7 of Liverpool’s Hidden Tourist Gems
Liverpool is blessed with plenty of famous and spectacular tourist attractions. For the music fan, there’s The Cavern on Mathew Street, the architecture fan can be treated to the most listed buildings outside of London and for the football fan there’s Prenton Park on the Wirral (or one of those stadiums North Liverpool). Scratch beneath the surface though, and there’s lots more to see and do. Here, The Guide Liverpool continues it’s mission to bring you some of the less obvious jewels in Merseyside’s crown. Whether you are visiting the city, showing someone around or simply being a tourist for the day yourself, take a look at some of these fantastic tourist stops.
The Hardman’s House
This National Trust building on Rodney Street is a great time capsule of 1950s British life as well as a fascinating insight into the work of an important photographer in history. E. Chambre Hardman was an Irish photographer who spent much of his life in Liverpool. His Rodney Street home is open to visitors 11.30am to 3.30pm daily with regular 90 minute tours. As well as the remarkably preserved studio and darkroom which was ran by Hardman and his wife, there is also a beautiful walled garden at the address.
These mysterious and fascinating tunnels which were ordered to be dug by the eccentric businessman and philanthropist Joseph Williamson (AKA ‘The Mole Of Edge Hill) are a must-visit in our opinion. While Williamson’s motives for digging the tunnels are disputed, a journey into subterranean Liverpool is an experience not to be missed. Friends of Williamson’s Tunnels are busy excavating the tunnels which extend to a network across the entire city centre. Their visitor centre is occasionally open to the public and also holds night time events. Go to williamsontunnels.com/ for more info.
Open Eye Photography Gallery
Another one for the photographer or anyone who is a fan of the art form. Open Eye Gallery, situated in the Mann Island complex near to the Pier Head is a lovely minimalist designed space which always has interesting, provocative exhibitions. The donation-based entry fee also means you pay what you can afford.
Lutyens Crypt and Treasury
Underneath the imposing edifice of the Catholic Cathedral is another place of true architectural interest. The Crypt beneath the Metropolitan Cathedral is the only completed part of the original design for the building drafted by famous architect Edwin Lutyens. It’s another bargain afternoon out with admission £3 per person for a slice of history.
Princes Road Synagogue
A real asset to the city which many people don’t even know exists, Princes Road Synagogue was the first Grade I listed Synagogue outside of London. No matter what your faith this truly spectacular building is well worth a visit. Pre-booked tours from Monday to Thursday are possible through special arrangement. Go to princesroad.org for more info and contact details.
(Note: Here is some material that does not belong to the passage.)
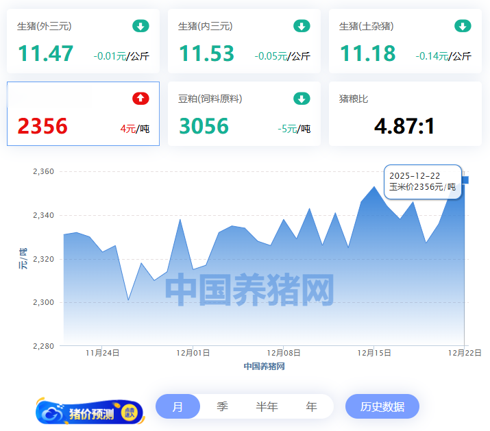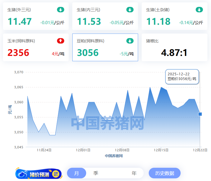 全国(生猪品种:内三元)均价为11.53元/公斤,猪价较昨日下跌0.05元/公斤,环比下跌2.45%,同比下跌26.33%;
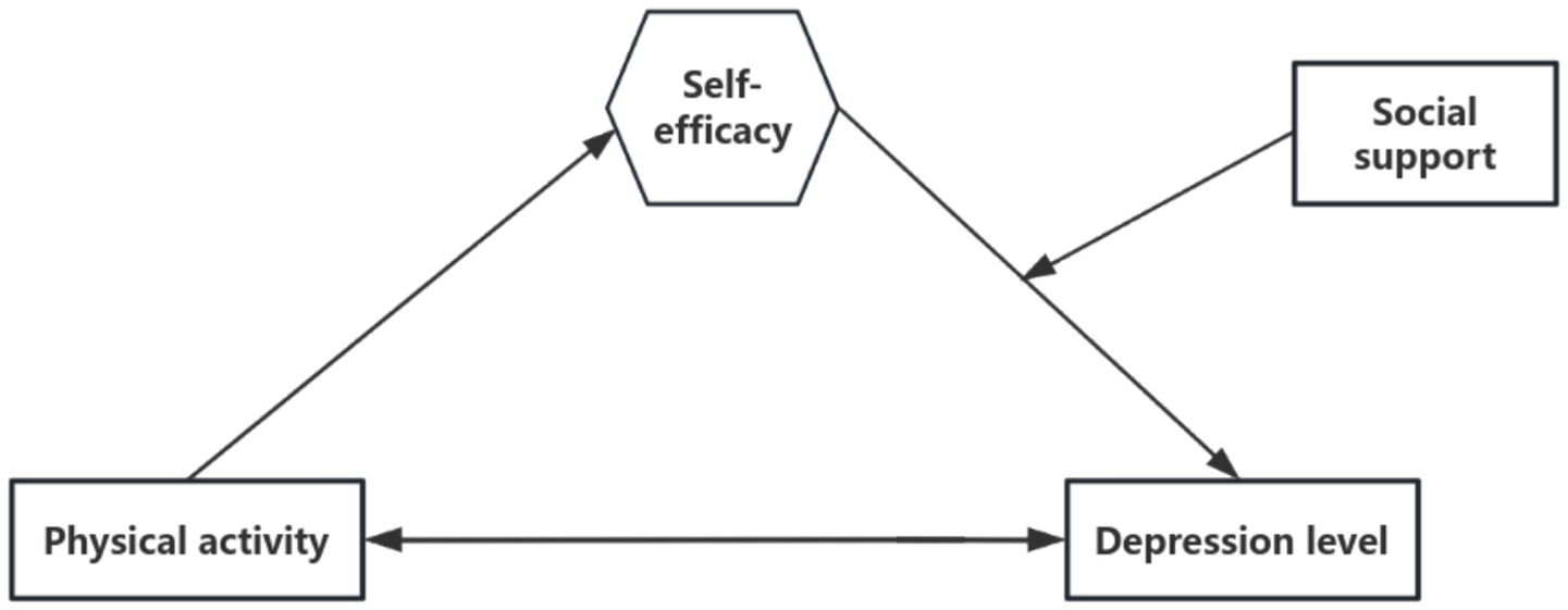 A study of 115 college students found that those with greater social support exhibited lower stress levels and better adaptation to university life (Friedlander et al., 2007). Empirical evidence suggests a significant negative correlation between social support and psychological distress, including depression and stress (Alimoradi et al., 2014; Bukhari and Afzal, 2017; Kugbey et al., 2015). Further research indicates that adolescents’ vigorous physical activity can be indirectly predicted by self-efficacy through behavioral intention, with this mediation effect being moderated by peer support levels—suggesting that peer support may partially compensate for low self-efficacy (Hamilton et al., 2017). Additionally, social support factors such as traffic safety, natural environments, and sports facilities also play a crucial role. Notably, Maleki Pirbazari et al. (2012)demonstrated that self-efficacy and peer support exert significant direct effects on depressive symptoms, while family support has an indirect influence. Among these factors, self-efficacy showed the strongest association with depression, positioning it as a key variable in depression etiology. Early self-efficacy development in students appears heavily dependent on parental and familial support, whereas students with higher self-efficacy tend to engage more actively in social relationships. Moreover, shared experiences among peers make peer support particularly beneficial in mitigating depressive symptoms. Collectively, these findings suggest that interventions aimed at enhancing self-efficacy and strengthening peer and family support may help reduce and prevent depressive symptoms in college students. Based on prior research, we propose the following hypothesis:

This Aladdin’s Cave of weird and wonderful objects collected from flea markets and car boots sales across the region and further afield is a new addition to the thriving Baltic Triangle area of the city. Pop in to have a browse at the vintage clothes, curio objects and vinyl. It’ll be a trip down memory lane if nothing else. Check them out on facebook here
Berry and Rye
Truly a hidden gem, after a hard day of taking in all the sights the city has to offer, relax with a cocktail at this speakeasy on Berry Street, if you can find it! You’ll need to knock on the door and then you’ll be let in only if there are seats available.